We look at representations of nature to form many parts of our identity as Americans and as humans. We see our heritage in images of wilderness. The human race has grown out of the wild and become civilized so images of nature serve as benchmarks to distinguish our intelligence and accomplishments that separate us from nature. This also holds true when we look at our country’s heritage. We have conquered and civilized what was once wild and we image and preserve portions of nature as national treasures to remind us of what our continent once was. These preserves are the remains of the raw resources that our country was built on and they establish a dynamic of power that shapes our identity over nature. We are primarily cultivators and controllers of nature, not interconnected community members.
W. J. T. Mitchell asserts in the introduction to his book Landscape and Power that landscape “does not merely signify or symbolize power relations, it is an instrument of cultural power, perhaps even an agent of power.” Manifest Destiny/Manifest Responsibility: Environmentalism and the Art of the American Landscape does not only trace the development of American’s environmental identity, it also has a subtext of domination and ecological imperialism that affirms the human and particularly American power to harness and control nature.
The end of this decade seems like a particularly important time to examine the origins of Manifest Destiny because the American cultural identity that was established by our ancestors' expansion and manipulation of this continent has been reinterpreted to forcefully extend US agendas globally. This decade is one plagued with interventionist nation-building and growing signs of ecological devastation brought on by human enterprise. These are the very same issues that arose in the early years of our nation on a continental scale.
Peter Granser - Man with a Flag, 2006
This photograph by Peter Granser is from his body of work titled Signs. Signs is a look at conservative American values through photographs that were made in small towns in Texas during the 2008 election campaign. This image speaks to many of the ways Americans identify with nature. Two guys stand at the foot of a mountain in a location that is presumably accessible by car. One waves an American flag, symbolically saluting the land of his heritage from a distance while affirming America as its territorial owner. His shirt echoes the flag, his pants the pallet of the mountain he is looking at. The boy’s attire reflects a tension in the American view of nature. We are sort of like nature from the waste down, but we aren’t nature. We view mountains from afar and solute their beauty but we value comfort and disconnection. It is as if there is a line that these two guys cannot cross. They are keeping their feet firmly planted on the civilization side of the photograph.

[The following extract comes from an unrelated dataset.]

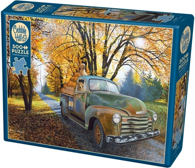 Sestavljanka COBBLE HILL Vesela vožnja s 500 koščki vas popelje na mirno jesensko pot s starodobnikom, naloženim z bučami, in zvestim pasjim spremljevalcem. Zaradi nepravilnega izreza, ki ne sledi standardni mreži, je sestavljanje zabavnejše in hkrati zahtevnejše – idealno za vse, ki iščejo nekaj več kot le klasično sestavljanko.
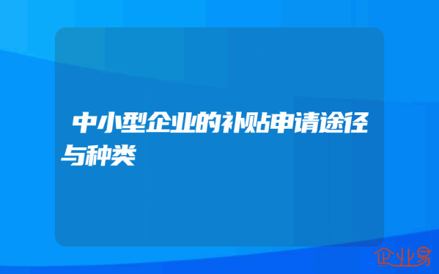 - 中小型企业的补贴申请途径与种类解析一、补贴政策的概述随着国家对中小企业发展的重视,各类补贴政策如雨后春笋般涌现,为中小企业提供了强有力的支持。这些补贴旨在缓解企业经济压力,促进技术研发与创新,优化产业结构,提升市场竞争力。接下来,我

It is important to note that Granser is German. To me, this photographs and the entire Signs body of work feels like an outsider's perspective. The way Granser half mocks the sentiments of his subjects seems cynical and detached from the American identity it is criticizing.
I have been thinking about ways my work relates to this reading and in lieu of a map I created a photograph as my visual response this week. I happen to have a poster of Granser’s photograph in my apartment and I made the photograph below using part of that poster as the background.
my visual response (made with a point and shoot digital camera because the negs aren't back in time)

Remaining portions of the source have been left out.